Insilico Medicine, a global leader in artificial intelligence for drug discovery, announced the publication of a paper titled, “Deep learning enables rapid identification of potent DDR1 kinase inhibitors,” in Nature Biotechnology. The paper describes a timed challenge, where the new artificial intelligence system called Generative Tensorial Reinforcement Learning (GENTRL) designed six novel inhibitors of DDR1, a kinase target implicated in fibrosis and other diseases, in 21 days.
Four compounds were active in biochemical assays, and two were validated in cell-based assays. One lead candidate was tested and demonstrated favorable pharmacokinetics in mice.
The traditional drug discovery starts with the testing of thousands of small molecules in order to get to just a few lead-like molecules and only about one in ten of these molecules pass clinical trials in human patients. Even a slight improvement in the time it takes to discover new drugs or in the probability of success results in significant savings and public benefit.
The authors of the paper pioneered the field of generative chemistry with seminal publications in 2016 and experimental validation of the molecules generated by GENTRL represents a valuable milestone on the path to more efficient drug discovery powered by artificial intelligence.
Insilico Medicine is developing a comprehensive drug discovery pipeline utilizing artificial intelligence generating novel molecules with the specified properties for a variety of target classes and challenging targets with and without crystal structure rapidly generating leadlike hits. This pipeline was specifically developed to rapidly validate prospective targets with small-molecule chemistry and allow for rapid pharmaceutical drug discovery.
“This paper is certainly a really impressive advance and likely to be applicable to many other problems in drug-design. Based on state-of-the-art reinforcement learning, I am also very impressed by the breadth of this study involving as it does molecular modeling, affinity measurements, and animal studies,” said Dr. Michael Levitt, professor of structural biology, Stanford University. Dr. Levitt received the Nobel Prize in Chemistry in 2013.
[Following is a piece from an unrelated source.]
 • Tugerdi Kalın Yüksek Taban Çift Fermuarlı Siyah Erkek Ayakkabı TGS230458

“I interacted with many AI startups in the past and Insilico was the only deep learning company with impressive, demonstrated capabilities integrating target identification and small molecule discovery. They did a lot of theoretical work in GANs from the very beginning and this experimental validation is a significant demonstration that this technology may improve and accelerate drug discovery,” said Dr. John Baldoni, CTO of a stealth AI-powered drug development startup and former SVP of Platform Technology and Science at GSK.
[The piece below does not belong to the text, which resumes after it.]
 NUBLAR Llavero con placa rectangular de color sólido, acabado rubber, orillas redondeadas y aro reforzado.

“Reduction of cycle time and overall cost of goods is critical to the future success of Pharma drug discovery activities. In this paper, Insilico highlight a novel AI based technology (GAN-RL) which allowed them to identify lead molecules with efficacy in animal models in notably short timeframes. If this technology proves broadly useful it may well have transformational potential for future lead generation efforts,” said Dr. Stevan Djuric, Adjunct Professor, School of Pharmacy, High Point University and former Vice President, Discovery Chemistry and Technology, Abbvie.